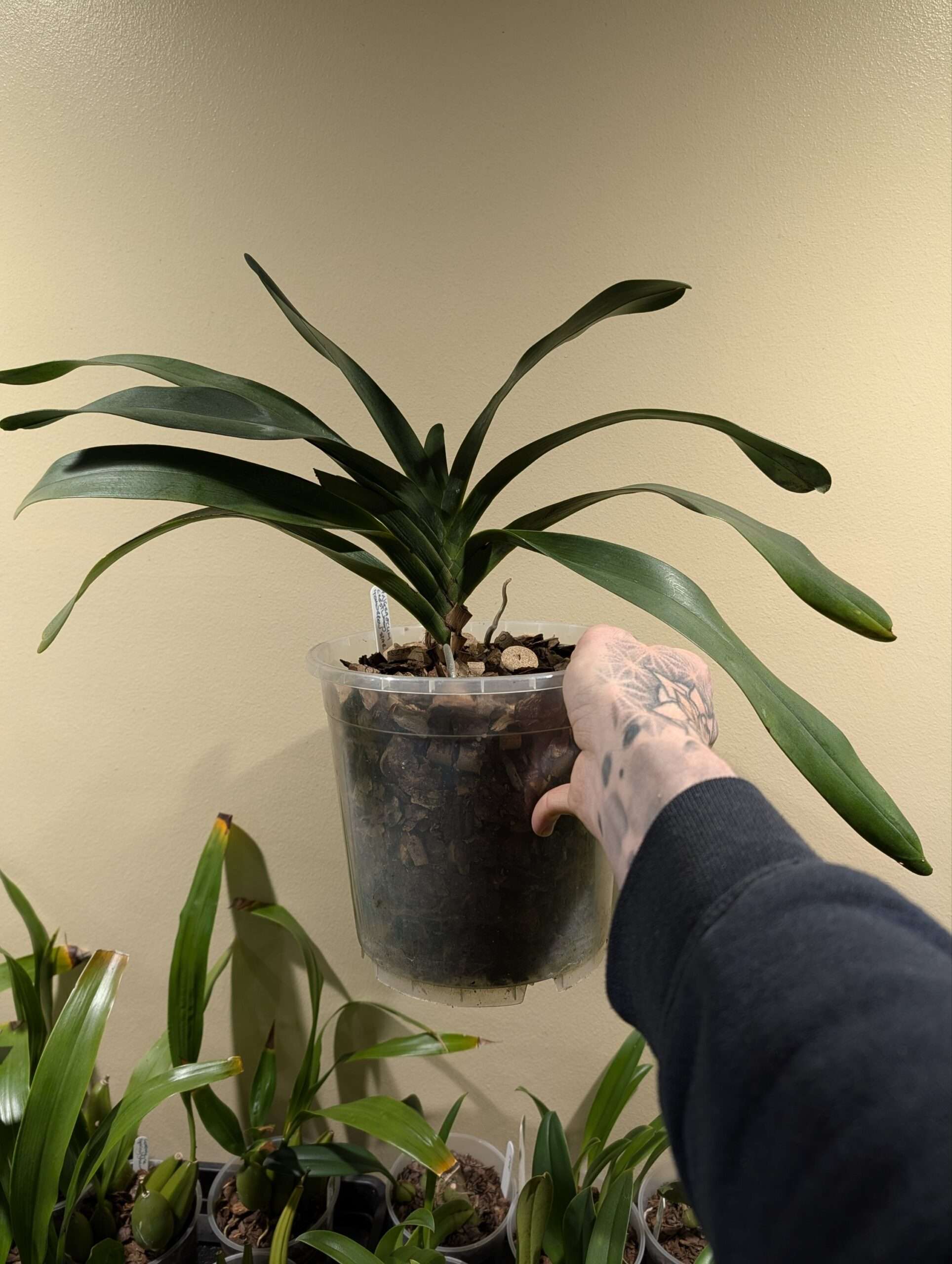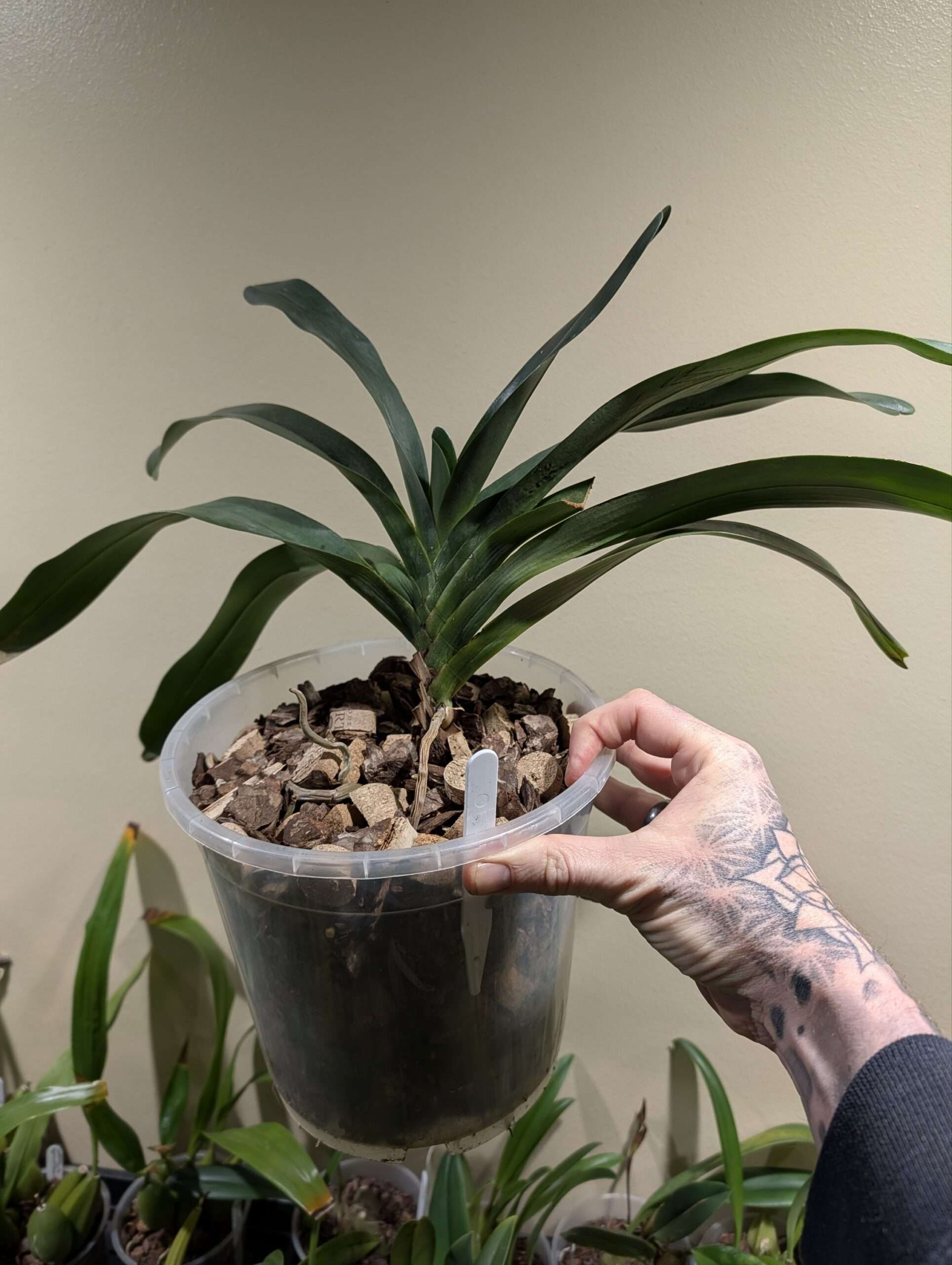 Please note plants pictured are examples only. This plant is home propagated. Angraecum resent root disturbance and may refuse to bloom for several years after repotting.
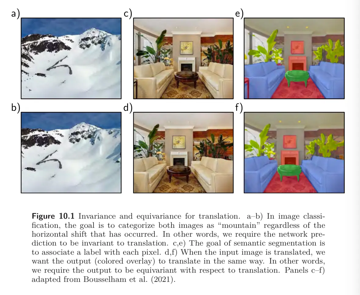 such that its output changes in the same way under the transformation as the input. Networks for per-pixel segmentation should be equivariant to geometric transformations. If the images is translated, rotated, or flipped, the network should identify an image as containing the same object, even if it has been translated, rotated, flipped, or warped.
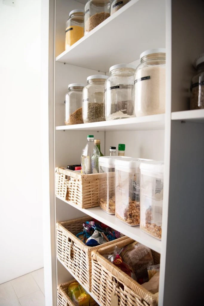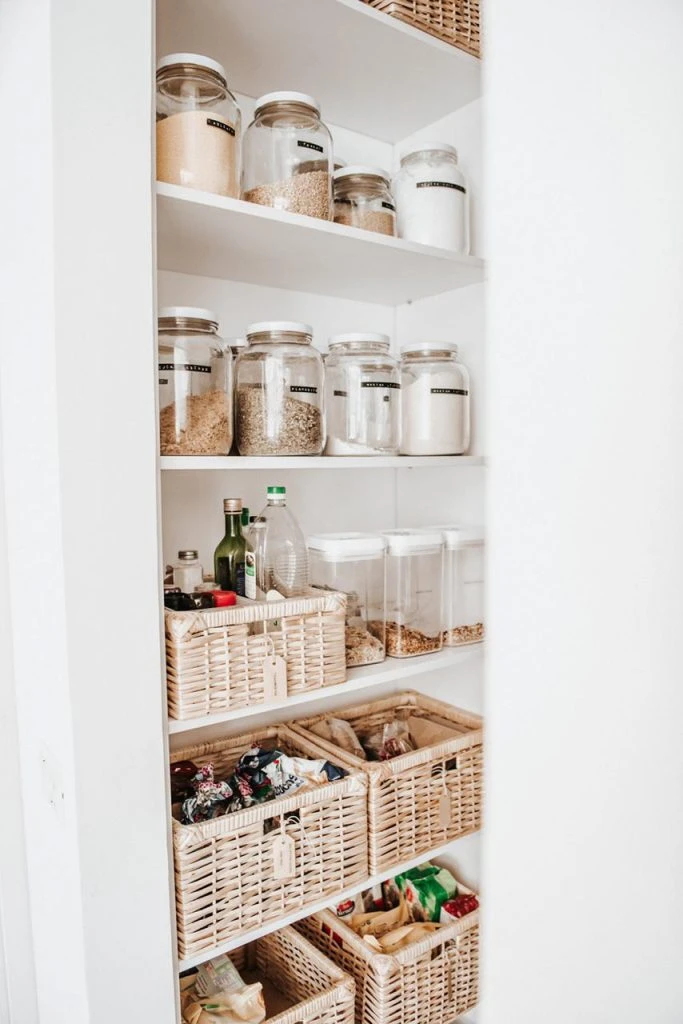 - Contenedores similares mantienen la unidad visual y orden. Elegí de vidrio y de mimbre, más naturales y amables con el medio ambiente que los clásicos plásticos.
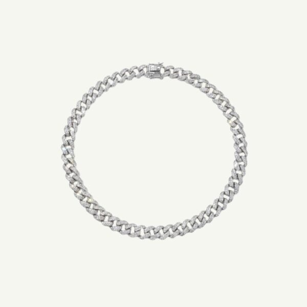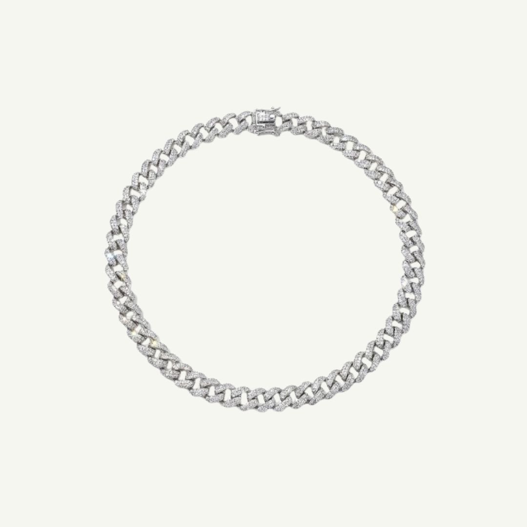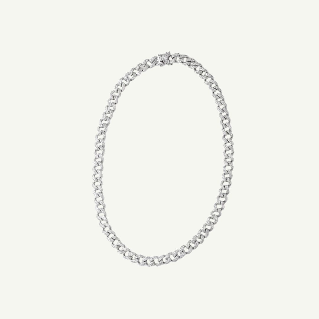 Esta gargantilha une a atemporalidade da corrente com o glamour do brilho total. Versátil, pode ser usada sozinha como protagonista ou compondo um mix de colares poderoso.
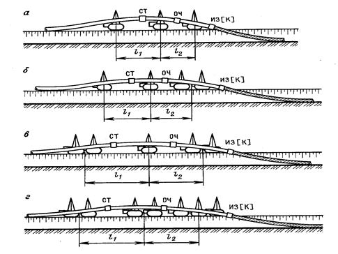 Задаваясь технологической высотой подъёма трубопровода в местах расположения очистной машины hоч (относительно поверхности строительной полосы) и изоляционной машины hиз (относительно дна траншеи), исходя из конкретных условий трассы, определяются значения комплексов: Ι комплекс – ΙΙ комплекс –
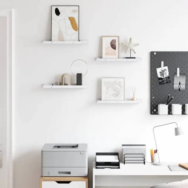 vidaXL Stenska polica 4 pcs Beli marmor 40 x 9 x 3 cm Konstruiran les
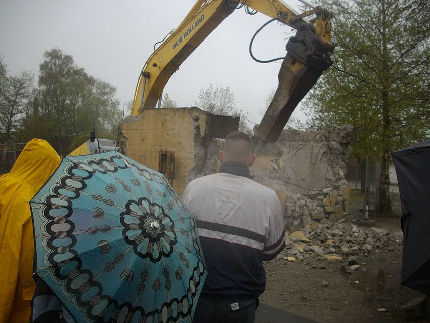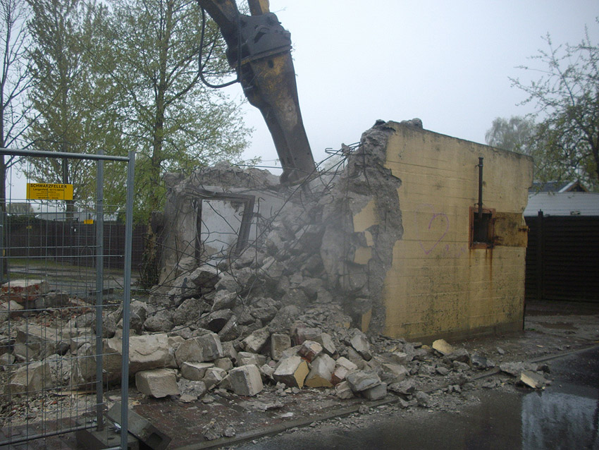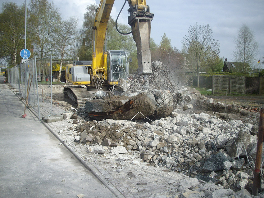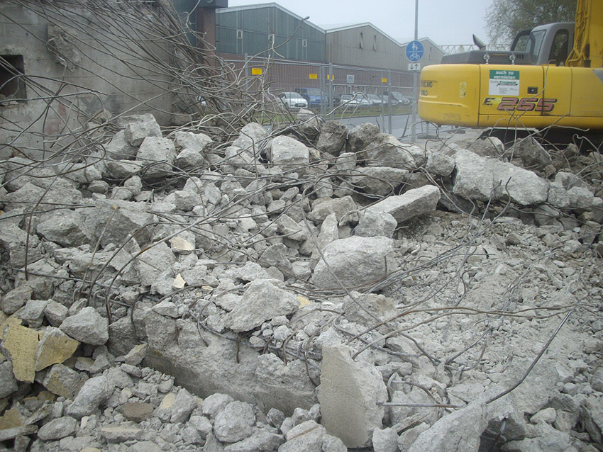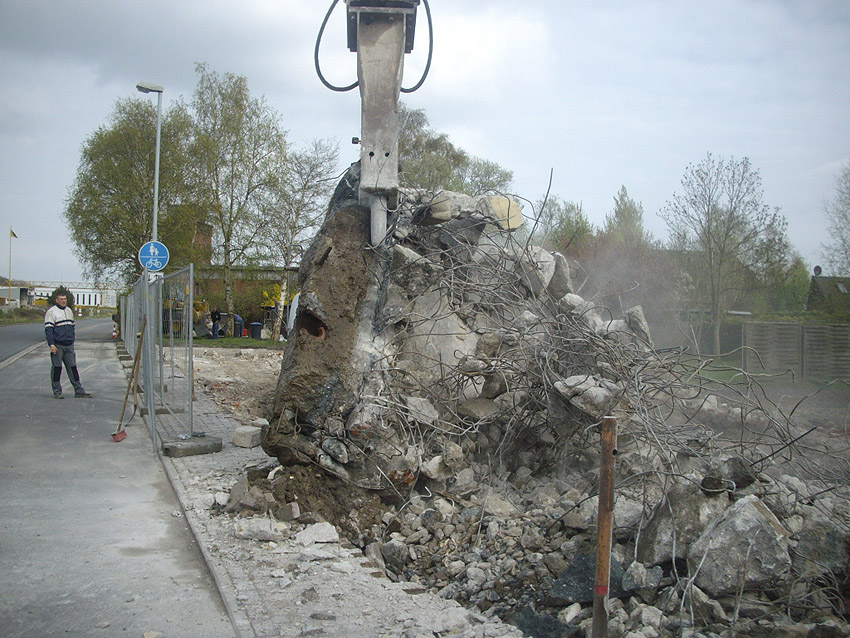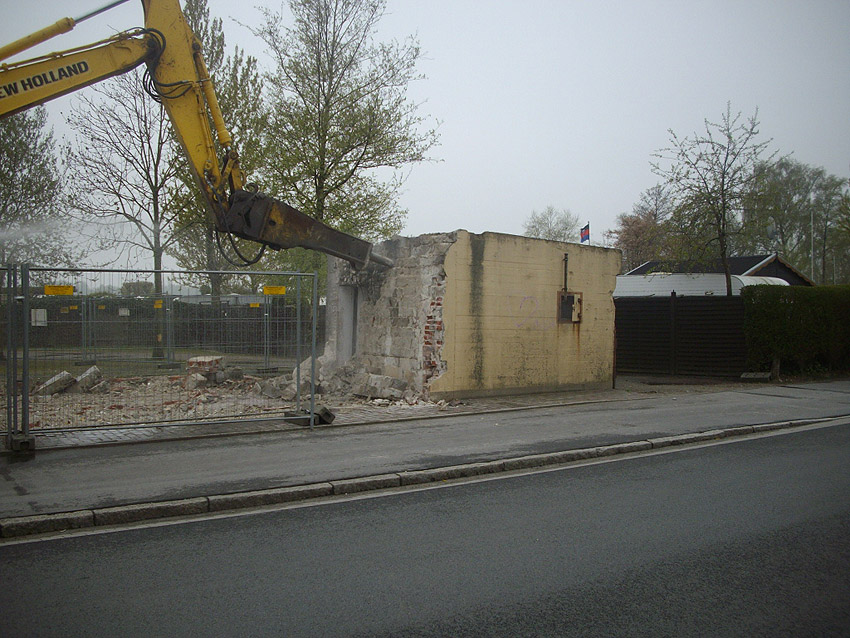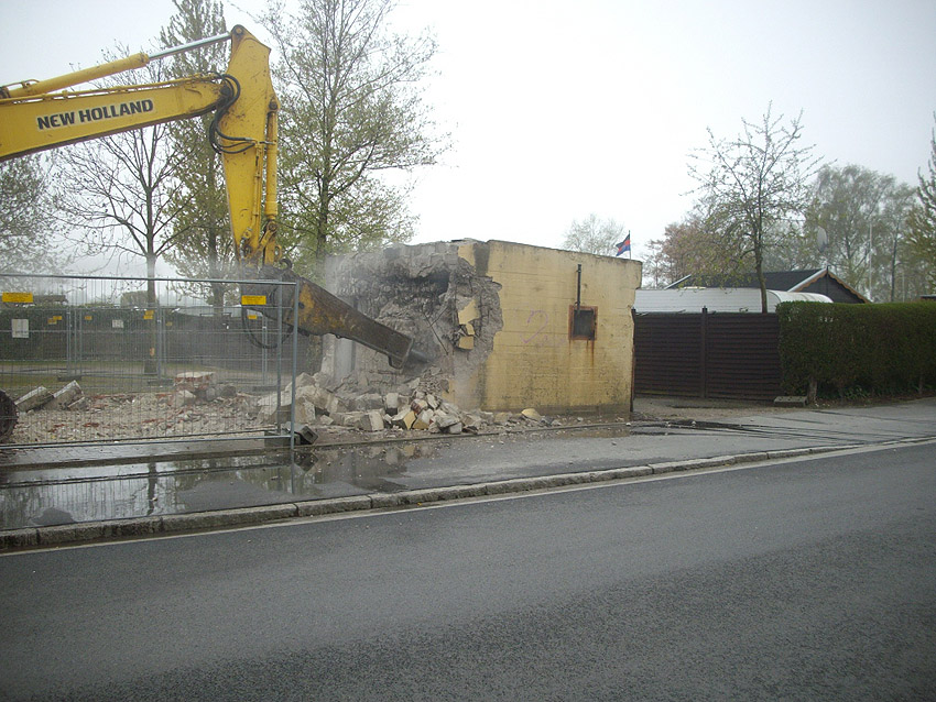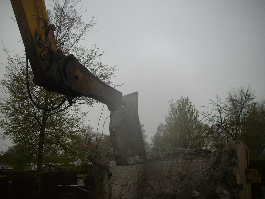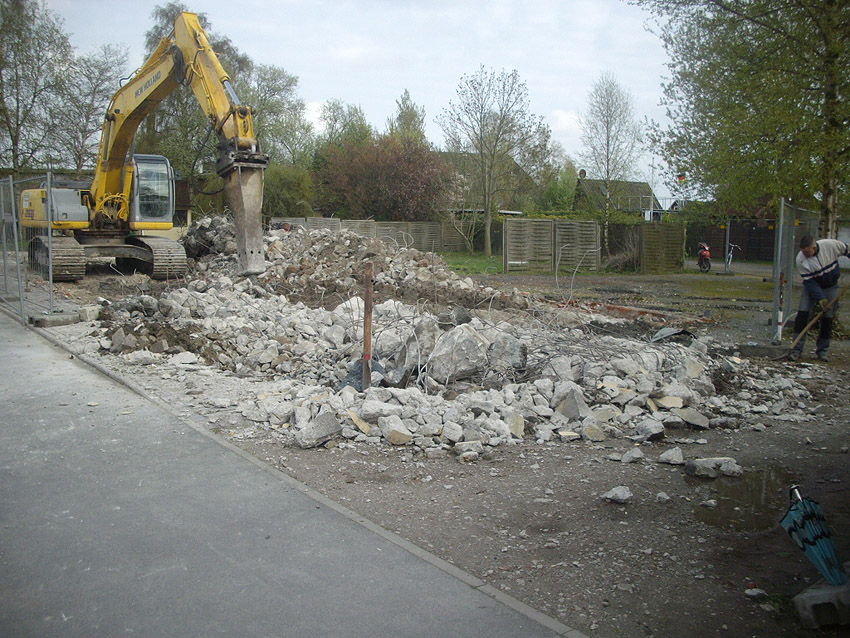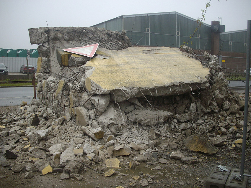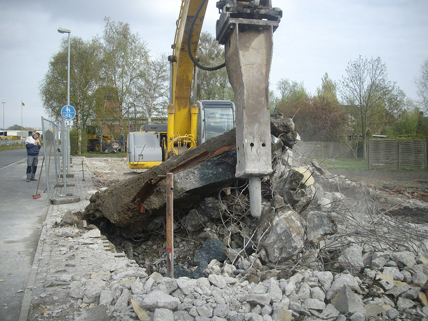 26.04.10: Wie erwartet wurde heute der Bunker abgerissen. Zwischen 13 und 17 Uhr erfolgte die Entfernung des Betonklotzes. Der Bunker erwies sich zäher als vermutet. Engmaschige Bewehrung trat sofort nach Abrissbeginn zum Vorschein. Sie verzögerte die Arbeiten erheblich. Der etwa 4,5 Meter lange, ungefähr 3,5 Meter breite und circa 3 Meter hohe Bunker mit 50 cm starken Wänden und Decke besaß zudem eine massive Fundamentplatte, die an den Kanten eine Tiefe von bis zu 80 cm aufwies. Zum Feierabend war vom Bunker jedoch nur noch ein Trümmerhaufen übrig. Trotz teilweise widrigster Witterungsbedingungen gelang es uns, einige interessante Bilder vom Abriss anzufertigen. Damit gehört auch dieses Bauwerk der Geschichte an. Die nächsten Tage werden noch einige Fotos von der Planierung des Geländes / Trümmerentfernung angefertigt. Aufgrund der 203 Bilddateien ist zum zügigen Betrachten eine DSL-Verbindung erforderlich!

========================================================================

• Task:
Give the records again exactly, without pictures.

• Solution below:
 Please note plants pictured are examples only. This plant is home propagated. Angraecum resent root disturbance and may refuse to bloom for several years after repotting.
 such that its output changes in the same way under the transformation as the input. Networks for per-pixel segmentation should be equivariant to geometric transformations. If the images is translated, rotated, or flipped, the network should identify an image as containing the same object, even if it has been translated, rotated, flipped, or warped.
 - Contenedores similares mantienen la unidad visual y orden. Elegí de vidrio y de mimbre, más naturales y amables con el medio ambiente que los clásicos plásticos.
 Esta gargantilha une a atemporalidade da corrente com o glamour do brilho total. Versátil, pode ser usada sozinha como protagonista ou compondo um mix de colares poderoso.
 Задаваясь технологической высотой подъёма трубопровода в местах расположения очистной машины hоч (относительно поверхности строительной полосы) и изоляционной машины hиз (относительно дна траншеи), исходя из конкретных условий трассы, определяются значения комплексов: Ι комплекс – ΙΙ комплекс –
 vidaXL Stenska polica 4 pcs Beli marmor 40 x 9 x 3 cm Konstruiran les
 26.04.10: Wie erwartet wurde heute der Bunker abgerissen. Zwischen 13 und 17 Uhr erfolgte die Entfernung des Betonklotzes. Der Bunker erwies sich zäher als vermutet. Engmaschige Bewehrung trat sofort nach Abrissbeginn zum Vorschein. Sie verzögerte die Arbeiten erheblich. Der etwa 4,5 Meter lange, ungefähr 3,5 Meter breite und circa 3 Meter hohe Bunker mit 50 cm starken Wänden und Decke besaß zudem eine massive Fundamentplatte, die an den Kanten eine Tiefe von bis zu 80 cm aufwies. Zum Feierabend war vom Bunker jedoch nur noch ein Trümmerhaufen übrig. Trotz teilweise widrigster Witterungsbedingungen gelang es uns, einige interessante Bilder vom Abriss anzufertigen. Damit gehört auch dieses Bauwerk der Geschichte an. Die nächsten Tage werden noch einige Fotos von der Planierung des Geländes / Trümmerentfernung angefertigt. Aufgrund der 203 Bilddateien ist zum zügigen Betrachten eine DSL-Verbindung erforderlich!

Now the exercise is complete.